No jantar da Figueira, a liberdade de expressão, tão cara aos operadores do direito, deveria ser o prato forte, mas ficou fora do cardápio."

Na programação preliminar do livro do Innovare, meu artigo seria publicado no Terceiro Bloco, em seguida aos textos dos ministros do STF Luiz Fux e Roberto Barroso [veja ilustração acima]. Seria o primeiro texto dos profissionais de imprensa convidados.

Coube ao empresário e jornalista Márcio Chaer, diretor da revista Consultor Jurídico, escrever sobre os bastidores do Judiciário, em artigo intitulado "Justiça reinventativa e jornalismo sem eficácia comprovada contra a desinformação".

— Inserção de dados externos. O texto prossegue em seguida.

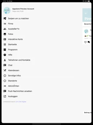 The NFDI4Biodiversity All Hands Conference App allows users to stay up to date about news and changes, virtually attend the event, see the conference's program, set up their profile and connect with other participants.

Ao citar os profissionais de imprensa pioneiros na cobertura do Judiciário e os que atuam na área, o autor cometeu omissão explícita que o leitor perceberá.

Curiosamente, foi Chaer quem, em 2003, publicou um dos primeiros alertas sobre a censura prévia defendida por um ministro do STF.

Reproduzo seu texto:

"O advogado Luís Francisco Carvalho Filho defendeu, durante a Conferência Judicial sobre Liberdade de Imprensa no Brasil, a desobediência de determinações judiciais que imponham a censura prévia a veículos de comunicação no Brasil.

‘Não vejo autoridade em ninguém neste país para proibir, antecipadamente, a publicação de qualquer notícia’, disse Carvalho Filho, diante de uma plateia de cerca de trinta juízes, para arrematar, com ênfase: ‘Sou favorável à desobediência dessas decisões’. Ao menos um grito de ‘bravo!’ se ouviu da plateia.

Do setor dos juízes, onde se encontravam representantes de praticamente todas as unidades da Federação, a irritação represada foi vazando aos poucos. Mas com impressionante intensidade.

O grito de guerra de Carvalho Filho, que advoga para a Folha de S.Paulo, foi uma resposta à proposição do ministro do Supremo Tribunal Federal Gilmar Mendes que, pouco antes, afirmara que vedar a publicação de notícia ‘não é incompatível com a Constituição Federal’".